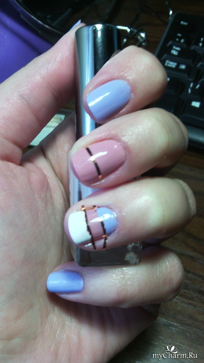 Доброго времени суток всем, кто заглянул сюда! Покажу вам свой новый маникюр))) Для начала красим ногти основой, чтобы защитить ногтевую пластину. После покрываем двумя цветами Когда лак подсох, клеем ленты и порываем один ноготь еще двумя цветами, а на втором оставляем ленты для декора Ленты сразу нужно отклеить, пока лак не высох, иначе будет тянуться лак за лентами... Читать полностью |
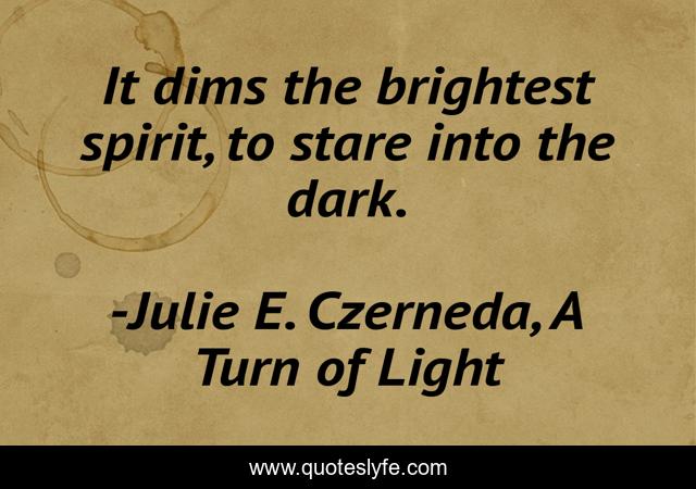 This page presents the quote "It dims the brightest spirit, to stare into the dark.". Author of this quote is Julie E. Czerneda, A Turn of Light. This quote is about light, darkness, spirit,.
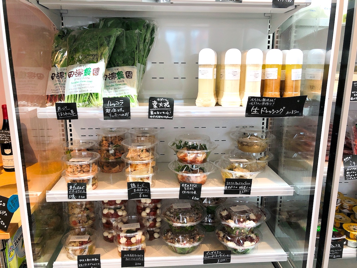 お店の奥のスペースではサラダやデリを販売。広島出身の社長がセレクトした地元の野菜やチーズを味わえます。イタリアンのシェフが国産やオーガニックにこだわって選んでいるため、味はおりがみつき。レストランの味をそのままおうちでいただけます!

EXERCISE DETAILS:
From the first line of the material to the last, retype everything exactly except the images.

ANSWER TO THE EXERCISE:
 Доброго времени суток всем, кто заглянул сюда! Покажу вам свой новый маникюр))) Для начала красим ногти основой, чтобы защитить ногтевую пластину. После покрываем двумя цветами Когда лак подсох, клеем ленты и порываем один ноготь еще двумя цветами, а на втором оставляем ленты для декора Ленты сразу нужно отклеить, пока лак не высох, иначе будет тянуться лак за лентами... Читать полностью |
 This page presents the quote "It dims the brightest spirit, to stare into the dark.". Author of this quote is Julie E. Czerneda, A Turn of Light. This quote is about light, darkness, spirit,.
 お店の奥のスペースではサラダやデリを販売。広島出身の社長がセレクトした地元の野菜やチーズを味わえます。イタリアンのシェフが国産やオーガニックにこだわって選んでいるため、味はおりがみつき。レストランの味をそのままおうちでいただけます!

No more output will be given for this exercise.